Thursday, September 19, 2024

What Will Data Portability Mean to Marketing?

Social media has changed and continues to change the way we communicate both professionally and casually. We talk and share things with our friends and family, and we market our businesses through networking with others and conversing with other professionals.

In many ways, the medium opens up our lives, and we learn more about others than we would have years ago, and in return, we expose more of ourselves as well. It’s almost as if social media makes the web a little less anonymous (though there is still plenty of anonymity available if you want it). This in itself has its pros and cons.

You’re putting yourself out there for all to see (depending on privacy settings and variables like this), and on one level you can inspire a greater amount of trust from people, because you’re giving off an “I’ve got nothing to hide” kind of vibe. That is what makes social media appealing from the business standpoint.

But on the other hand, you don’t want things out there that cast you in an unprofessional light and draw any negativity to your business, which is where reputation management efforts come into play. This has been, I won’t say “easy,” but relatively manageable to some extent. You can control what you post on your Facebook Wall or your MySpace page. You can watch what your friends post about you, or if they put up any embarrassing pictures of you. If you missed something that you would prefer not be there, you could at least rest knowing that it was pretty much confined to the people within your network.

Things are changing though.

Data portability (of the social kind) is not exactly a brand new concept, yet only recently are we really seeing it make significant progress. A post on the blog of the Data Portability Project defines data portability: “The idea of data portability, in general, has emerged to mean the ability to reuse data between services in some shape or form. It may be a one off implementation between two services, a proprietary universal login play or an open standards attempt at interoperability.”

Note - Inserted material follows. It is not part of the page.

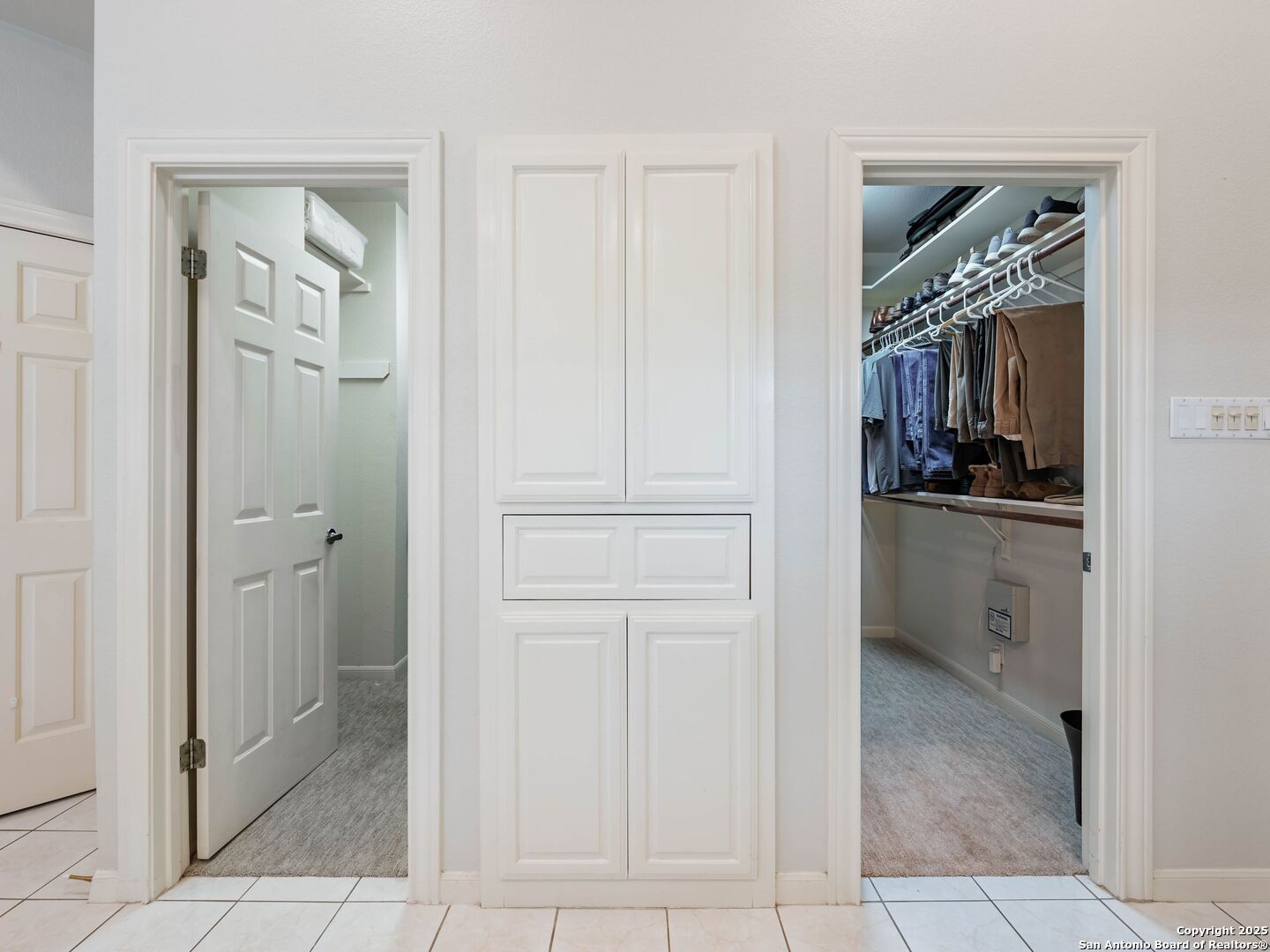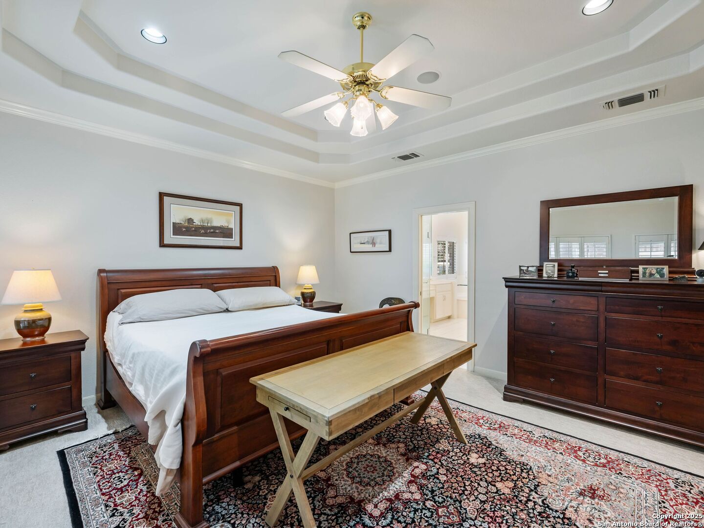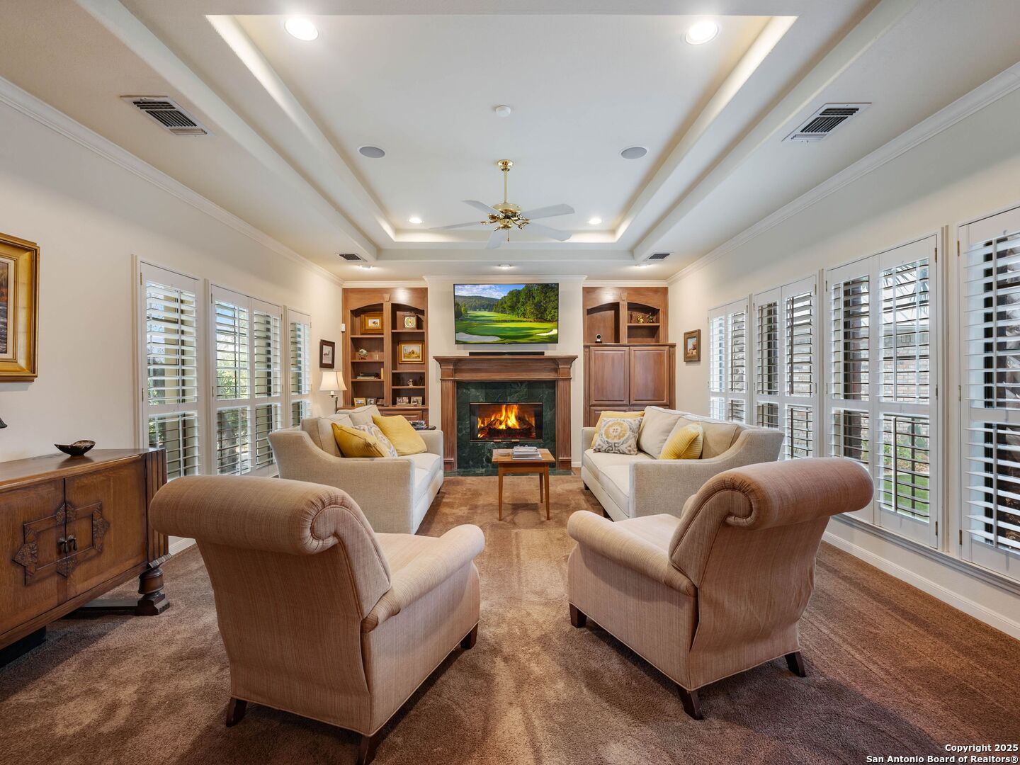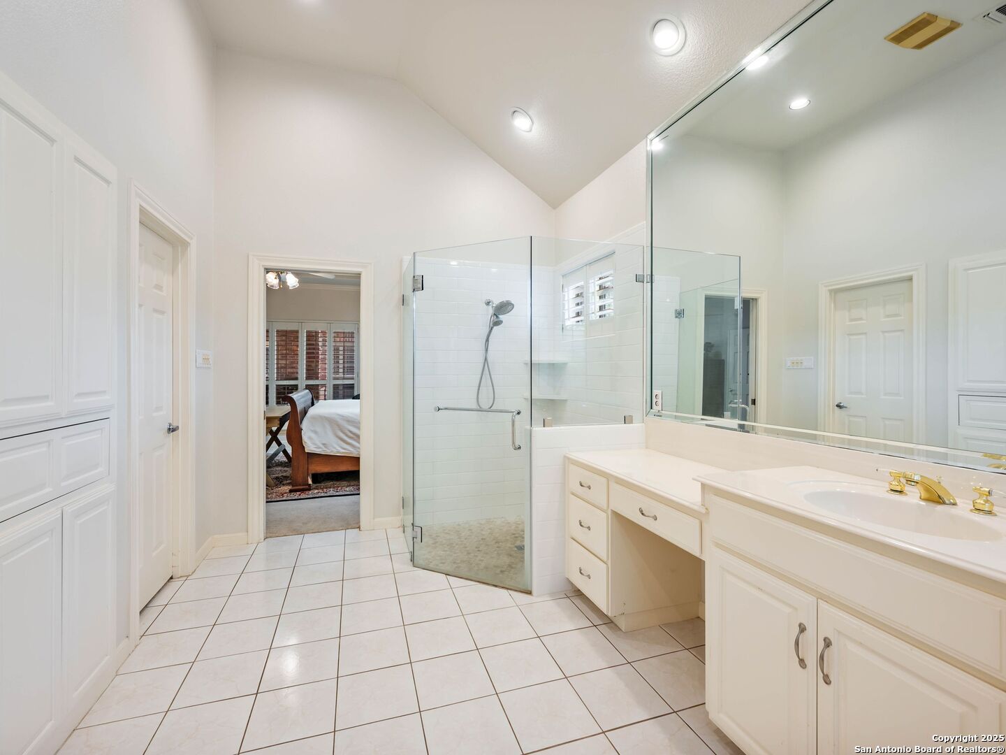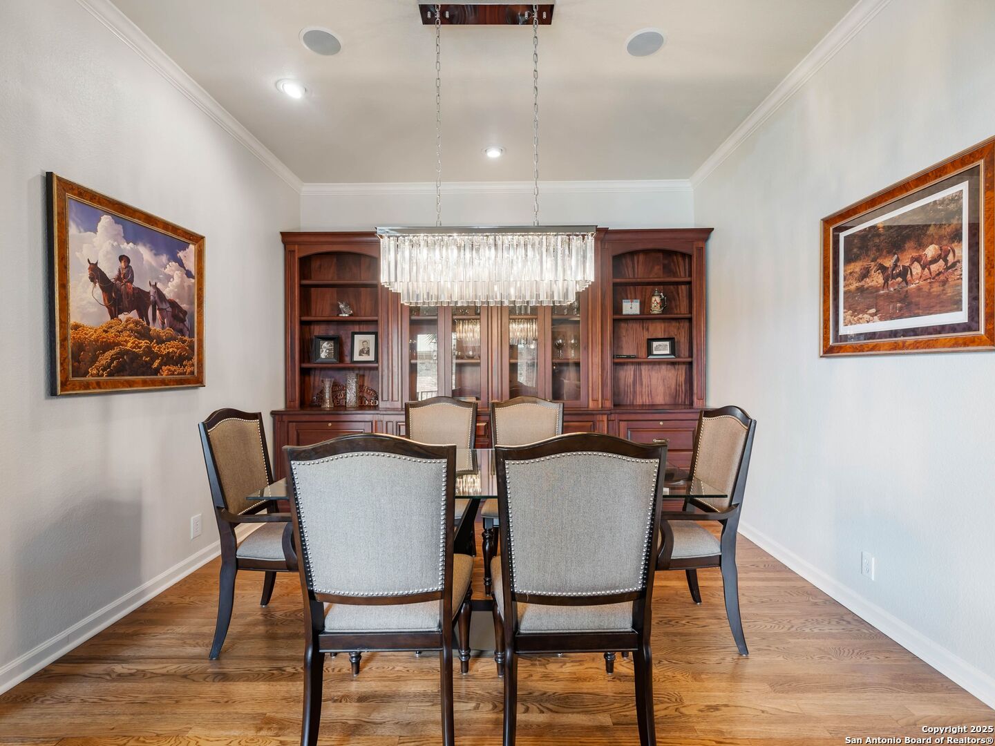 Pristine! Updated single-story home by Burdick Custom Homes nestled in the guard gated The Gardens at The Dominion. This residence showcases immense character, meticulous craftsmanship with soaring vaulted ceilings, abundant natural light from walls of windows, upgraded lighting, true hardwood floors, and elegant plantation shutters throughout. The spacious family room invites relaxation with its fireplace and custom built-ins, while the expansive kitchen is a chef's dream-featuring recently installed Taj Majal quartzite countertops, designer selected backsplash, an oversized island, gas cooking, and double ovens perfect for entertaining. Double doors lead you to the private primary suite, complete with a partially updated bathroom offering dual vanities, a walk-in shower, soaking tub, and two generous walk-in closets. Secondary bedrooms are well-sized, and offer great versatility. Enjoy tranquil outdoor living in the secluded backyard, featuring a covered patio, lush landscaping, and low-maintenance artificial turf-perfect for a lock-and-leave lifestyle. A rear-entry two-car garage provides ample storage and convenience. This exceptional home offers a rare blend of luxury, privacy, and low-maintenance living in one of San Antonio's most prestigious communities.

Services like Facebook Connect, Google Friend Connect, and others have come to light, and are becoming integrated with countless third-party websites. Websites that you will use. You will share actions that you previously would not have shared. More people will know about what you are doing on more sites. More people will read what you wrote in comments on more blogs. Basically, everyone will be watching your every move. Ok, that’s probably a bit of an exaggeration, but I think you see my point. I think managing your reputation is going to get harder

Google Friend Connect

But I could be wrong. I asked Netconcepts founder Stephan Spencer what he thought, and he said, “I don’t see reputation management as it relates to SEO (i.e. pushing negative reviews/comments about your company/brand lower down the search results) being impacted greatly by data portability.”

Dave Naylor talks about some other potential privacy and abuse issues related to data portability here and in this video:

More Murdok Videos

I don’t want any of this to sound like I am against the online world going in this direction. I am not. There are concerns, but aren’t there always? The fact of the matter is that things are changing between progress in data portability and personalization in search, and you can either complain or embrace it. Your life will probably be easier if you choose the latter.

Rand Fishkin of SEOmozRand Fishkin of SEOmoz tells me that he sees data portability as being increasingly essential to services that want to compete in the social networking and social media world. “If you already have a powerful, established brand, you can control portability because you own the channel (think Facebook, Twitter, LinkedIn, etc.),” he says. “However, if you’re a new or emerging player, you need the power of portability to help bolster your value proposition and attract new converts to your service.”

“In the future, I find it exceedingly unlikely that the social web landscape will remain fractured – users are already finding ways to aggregate the data they want into the services they prefer, so watch for this to be a massive trend over the next 5 years,” added Fishkin.

Stephan Spencer of Netconcepts Further comments from Spencer seem to reflect this way of thinking. “I do think data portability will be transformative to online communication, if it’s truly open. Who wants to build up one’s friends from scratch on multiple social networks? I know I don’t. It’s been a barrier for me in really getting into MySpace. I have many friends on Facebook but I can’t be bothered replicating that on MySpace. I also have many friends on LinkedIn, but it’s the same friends. It’s not like I am doing that by design (using LinkedIn for work and Facebook for personal friendships), I just can’t be bothered figuring out which Facebook friends I missed in LinkedIn and vice versa. The pain of having to build each contact network has also held back the smaller upstart social networks from seriously competing with the big guys.”

Once Data Portability Is the Norm

We’re not quite there yet. We appear to be on that track, but until we realize one day that we really are there, we can merely speculate about how it will affect our Internet marketing efforts. It is possible that the more unified social networking (and the Internet in general) becomes via data portability, the easier it will be to measure your social media marketing efforts. If you have everything coming into one place, it will be easier to keep track of, much like a feed reader (and major players are working on coming up with activity stream standards btw). Measurement has been one of the barriers holding back businesses from embracing social media marketing to begin with, so if everything is easier to keep track of, some metrics for successful social media marketing may emerge.